JPH0332743Y2 - - Google Patents

Description

[Detailed Description of the Invention] (Industrial Application Field) The present invention relates to an engine exhaust system structure in which a heat exchanger for exchanging heat between exhaust gas and water is provided to recover exhaust heat.

(Prior art) In a device that recovers engine exhaust heat and uses it as a heat source for heating or a heat pump circuit, the engine exhaust system structure equipped with a heat exchanger for exhaust heat recovery has conventionally been used, for example, in the 1980s.
As shown in Publication No. 1911, the exhaust manifold is surrounded by a water jacket, that is, the exhaust manifold is surrounded by a heat exchange case to form a sealed space without interfering with the flow of gas inside the exhaust manifold. However, there is known a structure in which a heat transfer fluid is allowed to flow into and out of this closed space.

By the way, in order to improve the heat recovery effect, it has been proposed to further install a heat exchanger on the exhaust downstream side of the exhaust manifold. In this case, the exhaust gas is cooled and the moisture in the exhaust gas tends to condense, and in that case, highly acidic condensed water is generated, so the inner walls of the exhaust manifold and heat exchanger are susceptible to corrosion and holes are easily formed in the walls. Also,
In particular, since there is a large temperature gradient as a result of heat recovery at the inlet and outlet sections of the heat exchanger, cracks are likely to occur in the internal heat exchanger core.

If a hole or crack occurs in the wall of the exhaust manifold or heat exchanger, water for heat exchange may flow into the engine through the exhaust manifold, or the exhaust gas may enter the water circuit. .

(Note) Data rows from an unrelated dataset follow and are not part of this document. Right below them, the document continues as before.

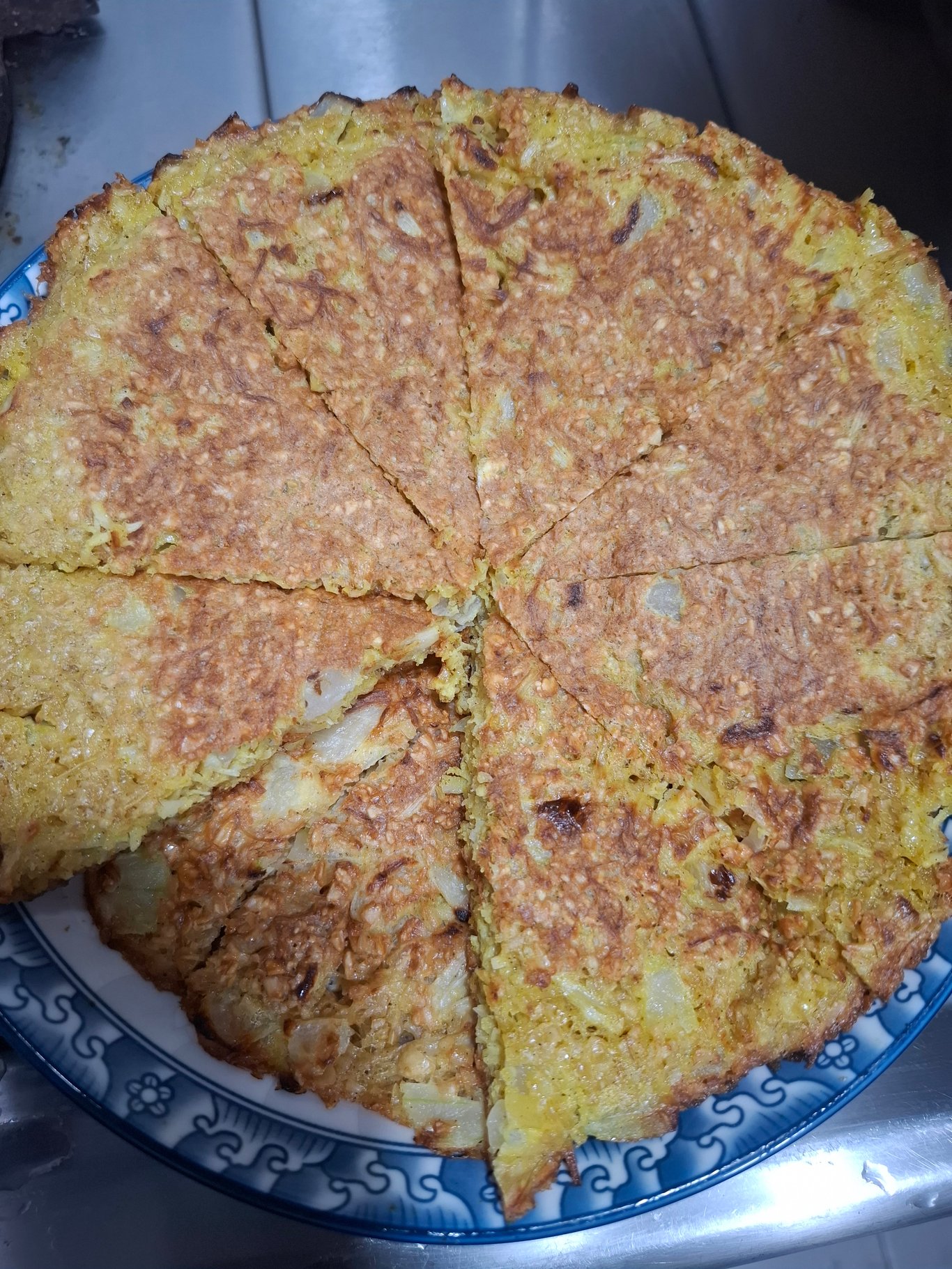 做了泡菜鮪魚燕麥麩皮煎餅!結果我低估了份量,做了超大一盤,疊的像山一樣高的煎餅,分裝之後冷凍起來慢慢吃吧! 做法很簡單,只是我覺得水分太多,煎起來有些會散開,也許下次可以改良。 一顆洋蔥切丁,金針菇切小段下去炒,適量加點胡椒鹽調味,放到一旁放涼。燕麥麩皮加適量熱水泡開,等待麩皮和放涼的時候切泡菜和準備鮪魚罐頭,再…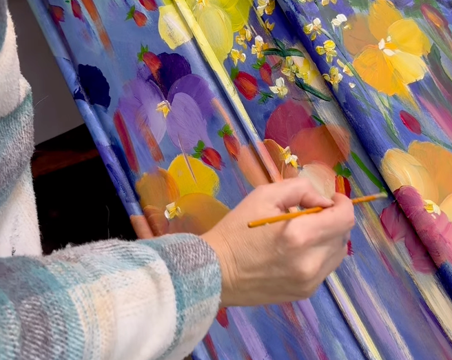 Malovaná s vědomím, že bolest nelze zcela utišit, ale že krása, barvy a světlo mohou pomoci nést tmu.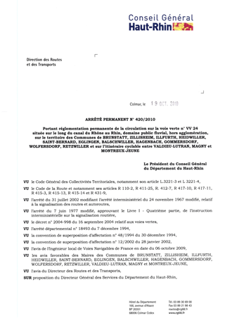 portant réglementation permanente de la circulation sur la voie verte n° VV24 située sur le long du canal du Rhône au Rhin, domaine public fluvial, hors agglomération, sur le territoire des communes de BRUNSTATT, ZILLISHEIM, ILLFURTH, HEIDWILLER, ST BERNA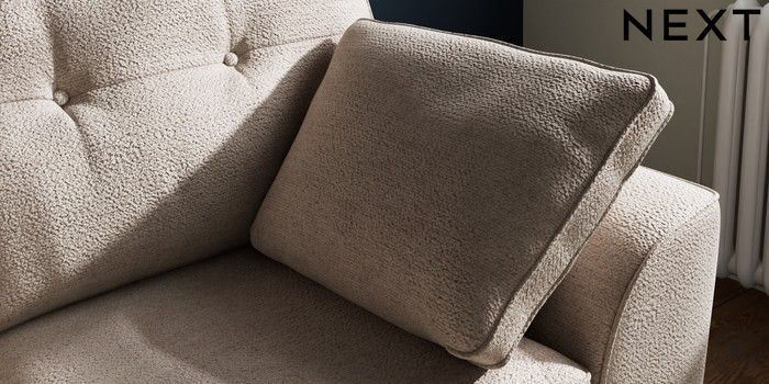 7.2.10 Stamford Buttoned Back 2 Seater Small Sofa Boucle Chenille Light Natural Large Square Angle - Chrome Metal | Made Click here to use our website with more accessibility support, for example screen readers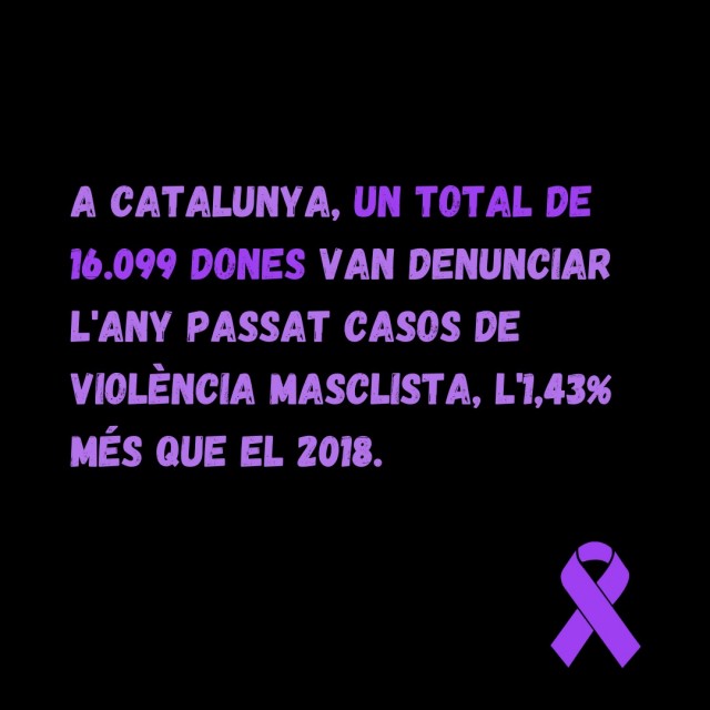 Eliminació de la Violència contra les Dones. Segons un informe publicat el 2019, el 41,4% de les dones enquestades a Catalunya han estat víctimes de violència masclista en l'àmbit de la parella al llarg de la seva vida i un 50,9% manifesta haver patit assetjament sexual. Us portem més dades sobre aquesta problemàtica.

In addition, in order to increase heat recovery efficiency, it is necessary to reduce the area where the exhaust gas comes into contact with the outside atmosphere and expand the area where the exhaust gas comes into contact with the water that undergoes heat exchange. The heat exchange area with water has not been sufficiently expanded. Furthermore, it is desirable to keep the surface temperatures of the exhaust manifold and heat exchanger as low as possible.

(Purpose of the invention) The present invention was devised in view of the above-mentioned conventional problems. To provide an engine exhaust system structure capable of preventing corrosion of the engine, improving the heat recovery rate, and also improving the flow of water to the exhaust manifold side. With the goal.

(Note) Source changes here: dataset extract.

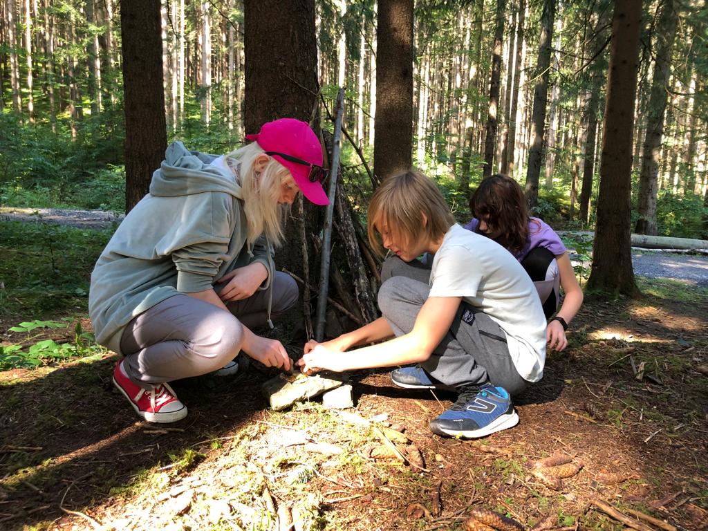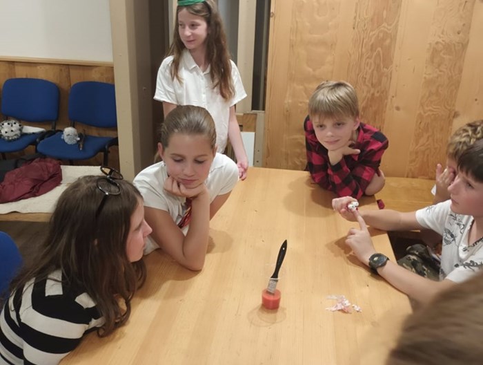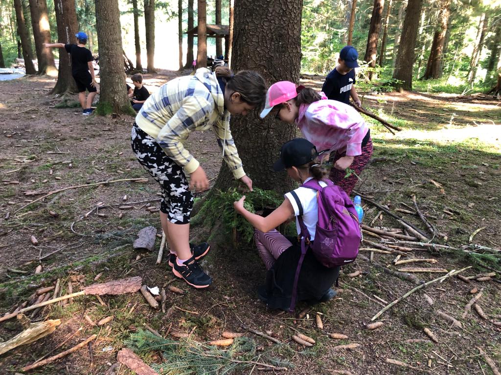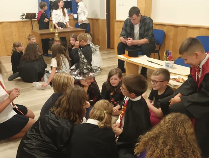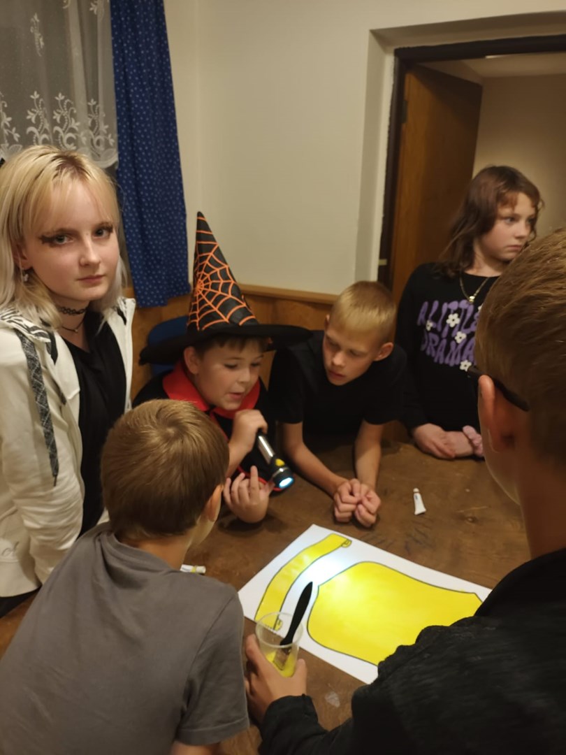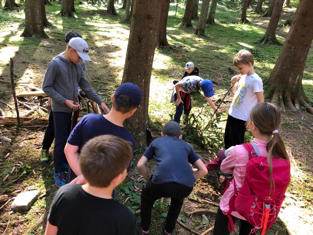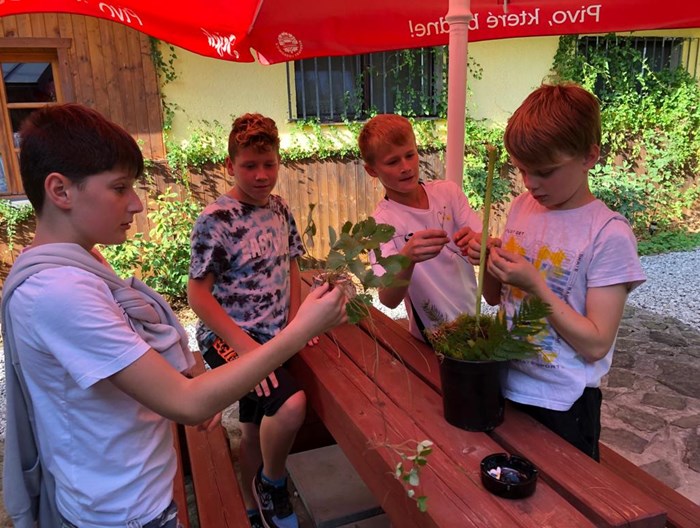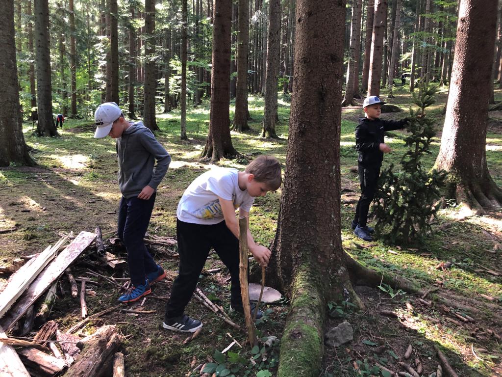 Škola v přírodě pokračuje dále a my jsme všichni plní zážitků. Večer plný čar a kouzel? S “FOKUSÁKY” není žádný problém . V podvečer začaly velké přípravy, všichni jsme si oblékli kostýmy a zkrášlovali své obličeje. Tajemství kouzelného klobouku nás napínalo až do konce úterního dne. Havraspár, Zmijozel, Mrzimor nebo Nebelvír?? Na nic jiného jsme nemysleli. Středeční pomyslnou třešničkou na dortu byla stezka důvěry. Všichni jsme si vyzkoušeli, jaké to je, když má člověk zrakovou vadu a musí plně důvěřovat svému průvodci. Zakončení stezky důvěry bylo u ohniště, kde jsme si vyprávěli podivuhodné příběhy. A máme tady čtvrtek. Dnešní Bradavický expres vyjel směrem do Karolinky, kde jsme si prohlédli v obchůdku výrobky ze skla. Nezapomněli jsme ani na kamaráda Dobbyho a postavili jsme mu v začarovaném lese chýše, ve které se nakonec rozhodl bydlet - nám zůstalo utajeno. Míchání lektvarů? Obchodování? Pěstování Mandragory? Tak to pro nás není žádný problém. Každý den si totiž užíváme spoustu zábavných sportovních her.

(Structure of the invention) The present invention provides a heat exchanger for exchanging heat between the exhaust gas and water in the exhaust passage located downstream of the exhaust manifold of an engine equipped with a heat exchanger for recovering exhaust heat. The exchanger has a three-layer structure consisting of a heat exchanger core through which water circulates, an exhaust passage formed around the outer periphery of this heat exchanger core, and a water passage formed further around the outer periphery of this exhaust passage. At the same time, a water inlet for flowing water into the heat exchanger core is provided on the upstream side of the exhaust gas of the heat exchanger, and a communication section for flowing water from the inside of the heat exchanger core to the water passage is provided on the exhaust gas side of the heat exchanger. A water outlet, which is provided on the downstream side and allows water to flow out from the water passage, is provided on the outer periphery of the upstream end of the heat exchanger toward the outer periphery of the exhaust manifold.

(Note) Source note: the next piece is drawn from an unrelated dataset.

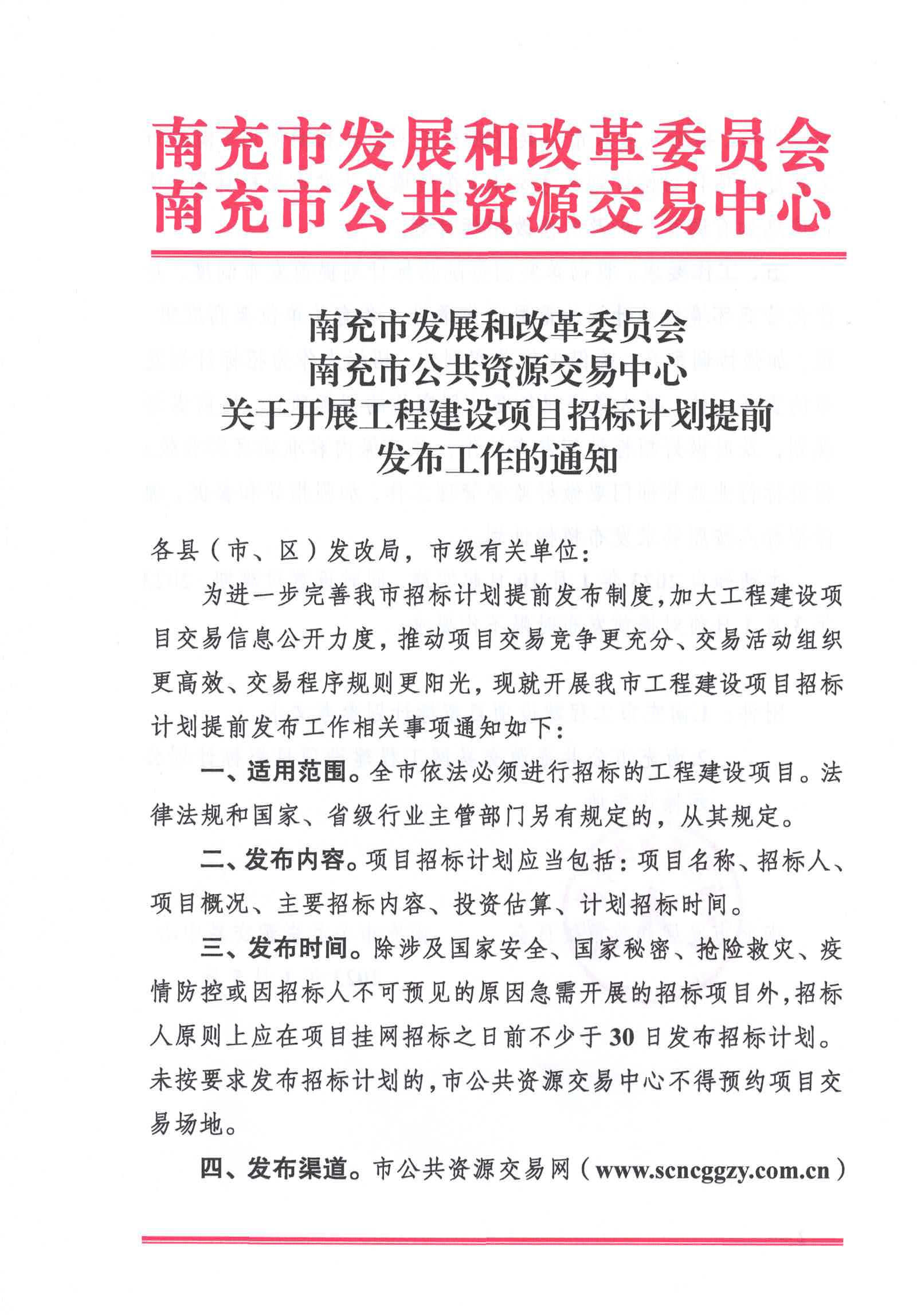 南充市發(fā)展和改革委員會(huì)、南充市公共資源交易中心關(guān)于開展工程建設(shè)項(xiàng)目招標(biāo)計(jì)劃提前發(fā)布工作的通知

With this configuration, the exhaust gas and water can effectively exchange heat within the heat exchanger, and since cooling water flows through the complex-shaped heat exchanger core, condensed water is is less likely to accumulate, the heat recovery rate is improved, and the surface temperature of the heat exchanger can be kept low.

(Example) First, the overall configuration of the exhaust system structure of an engine in which the present invention is implemented will be described using FIGS. 4, 5, and 6.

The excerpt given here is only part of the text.